AMPK modulates a DEAH Box RNA-helicase to attenuate TOR signaling and establish developmental quiescence

Developmental plasticity allows organisms to adapt to environmental stress and improve reproductive fitness. Caenorhabditis elegans adapts to starvation and other stressors by transiting through an alternate developmental stage called dauer, which allows them to remain quiescent for several months, and yet fully retain reproductive fitness when they resume development. The AMP-activated protein kinase (AMPK) is essential for this plasticity as its compromise leads to germline hyperplasia during the dauer stage, dramatically reducing post-dauer fertility upon recovery from this stage, while also shortening survival.

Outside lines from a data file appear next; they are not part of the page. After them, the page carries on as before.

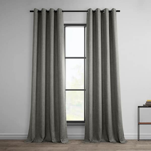 Blazer Grey Gray Faux Linen Grommet Room Darkening Curtain - 50 in. W x 120 in. L (1 Panel)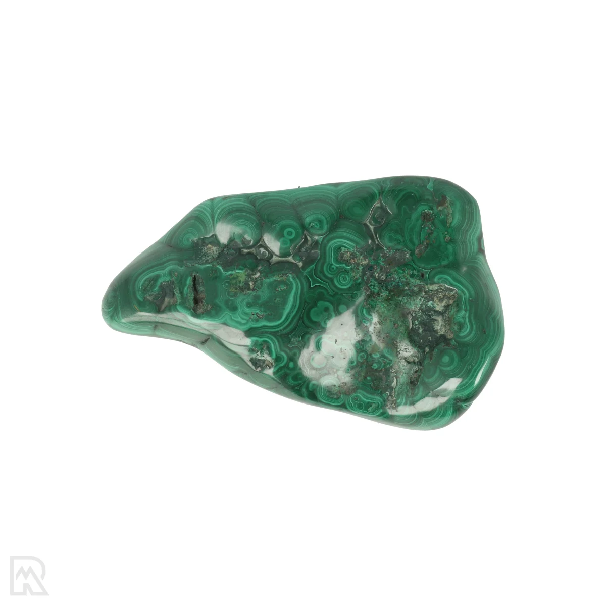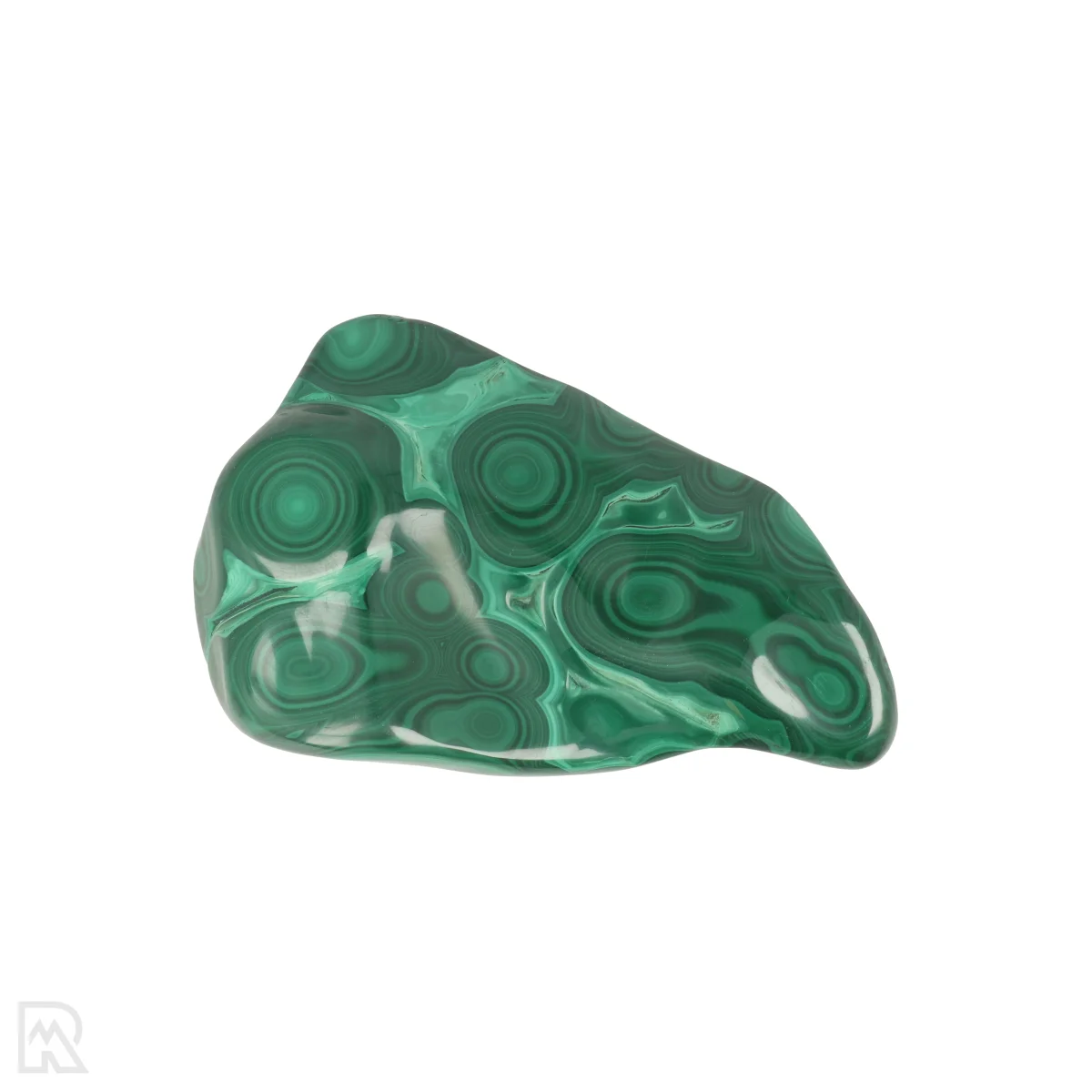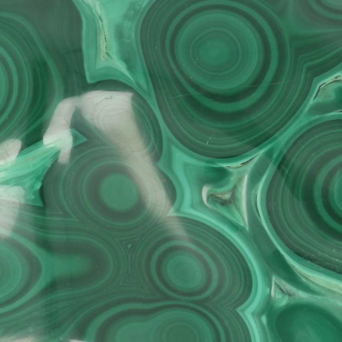 Malachiet is een intens groen koperhoudend mineraal dat opvalt door zijn karakteristieke bandpatronen en glas- tot zijdeachtige glans. De kleur varieert van lichtgroen tot donkergroen, vaak met concentrische of gelaagde tekeningen. Het mineraal vormt zich meestal in de oxidatiezones van koperafzettingen.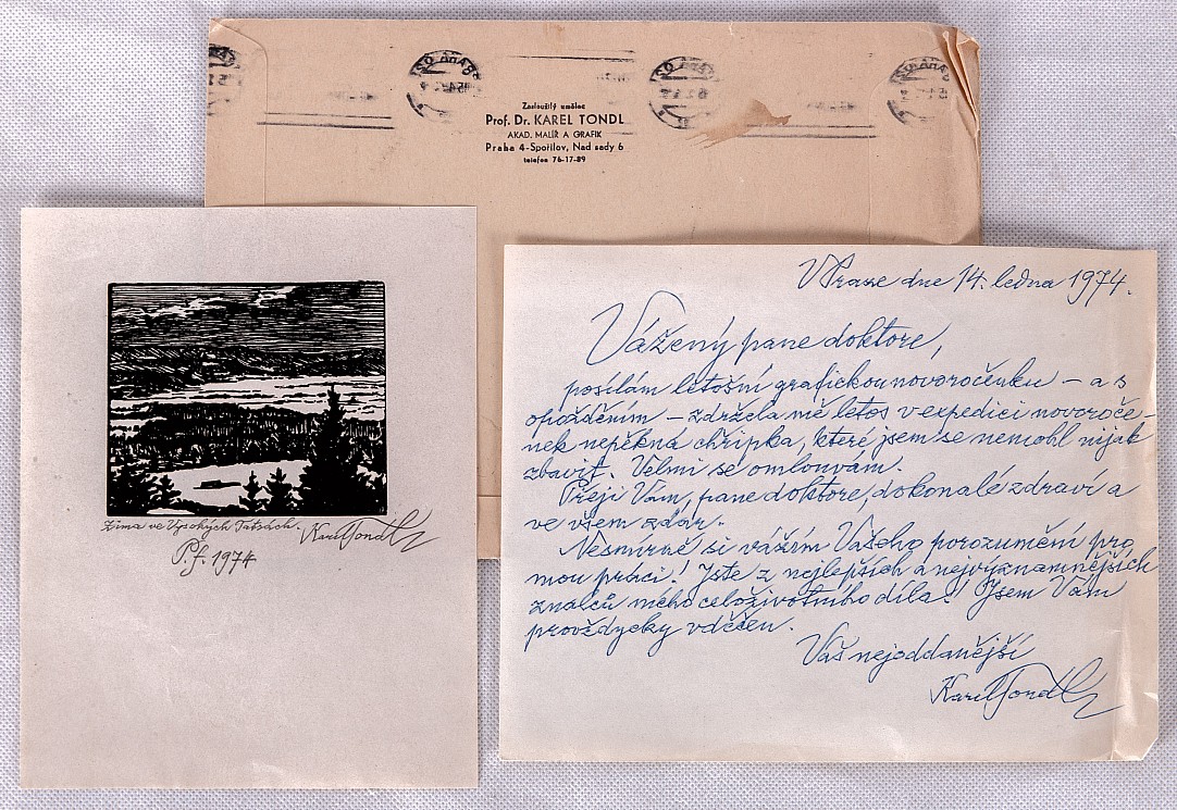 dopis, 1974, 16,7 x 21 cm, Rukopisný dopis s podpisem ze 14.ledna 1974, v původní obálce s razítkem autora. Jako novoročenka přiložen sign. dřevoryt Zima ve Vysokých Tatrách ve formátu 7,6 x 9 cm., Provenance: Antiquarian Dlážděná, the disciple of prof. J. Loukota, V. Bukovac, J. Preisler and M. Sva…

We identified a putative RNA-binding helicase (HZL-1) that is targeted by AMPK, the compromise of which suppresses several AMPK mutant phenotypes. HZL-1 shares significant similarity with the conserved HELZ family of RNA helicases, possessing characteristic DEAH helicase motifs, a predicted ATP binding motif, and three intrinsically disordered regions that are crucial for its localization and function. Curiously, HZL-1 is expressed and exerts its function in the intestine, yet its elimination suppresses the aberrant germ cell proliferation, while restoring germline quiescence and subsequent post-dauer fertility. CLIP-seq data revealed that HZL-1 binds several mRNAs during the dauer stage, resulting in a pronounced germline hyperplasia in the dauer germ line of AMPK mutants. Among these, the most enriched RNA bound to HZL-1, argk-1 , is required for fertility in HZL-1 mutants, and functions by suppressing TOR activity in the germ line of AMPK dauer larvae, thereby preserving germline quiescence. These findings underscore the intricate role of RNAs and RNA-binding helicases in the complex interplay of genetic signals that animals have acquired to ensure their effective transit through periods of environmental challenge.